WHAT YOU NEED TO DO:
Except for images, print the whole listing verbatim.

──────── DATASET EXTRACT

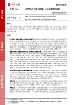 [工程机械]2024-06-14-东莞证券-工程机械行业跟踪点评:5月挖机内销增长延续,出口销量环比改善-5页(银创产业通www.chanyetong.net)(银创产业通www.chanyetong.net)
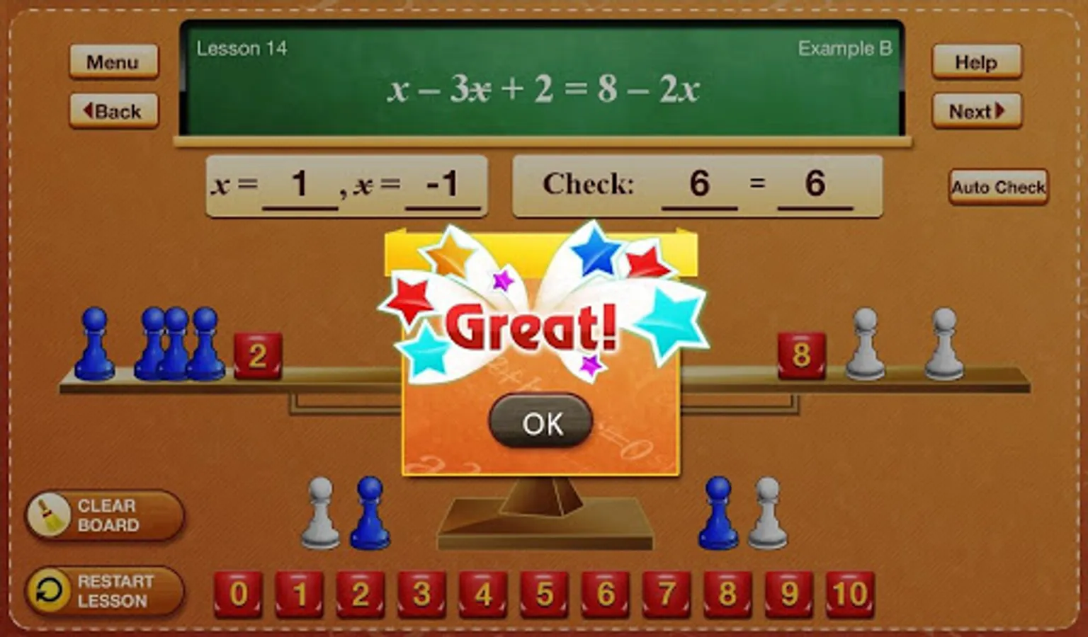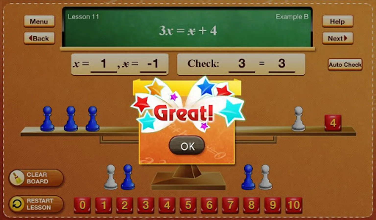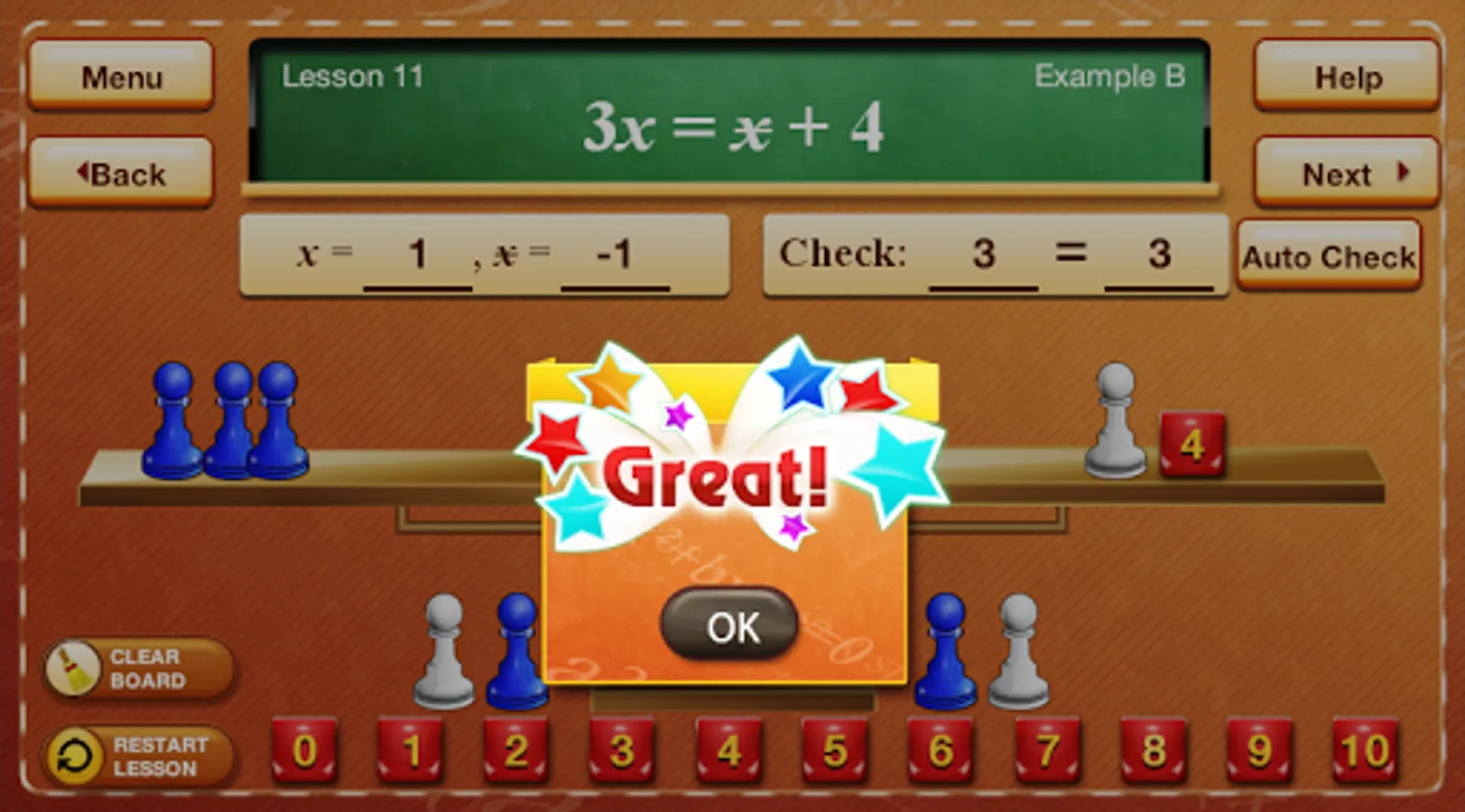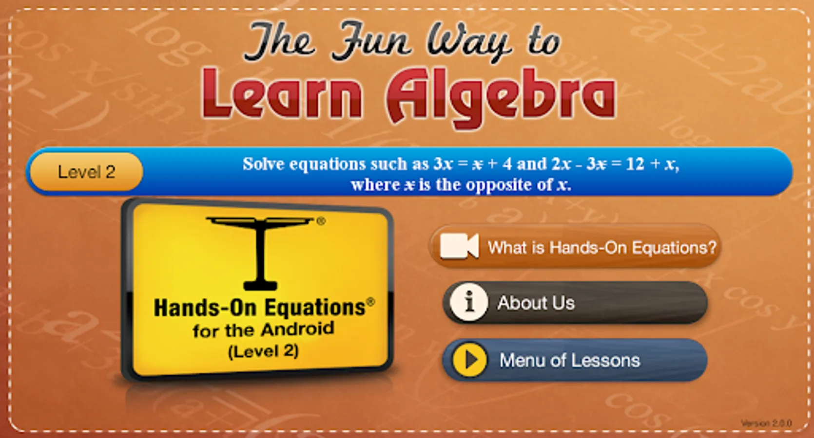 This app is intended for students who have already completed Level 1 of Hands-On Equations.
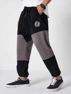 Mens Hoop Ethnic Embroidered Color Block Ankle Length Pants

────────────────

RESPONSE:
 [工程机械]2024-06-14-东莞证券-工程机械行业跟踪点评:5月挖机内销增长延续,出口销量环比改善-5页(银创产业通www.chanyetong.net)(银创产业通www.chanyetong.net)
 This app is intended for students who have already completed Level 1 of Hands-On Equations.
 Mens Hoop Ethnic Embroidered Color Block Ankle Length Pants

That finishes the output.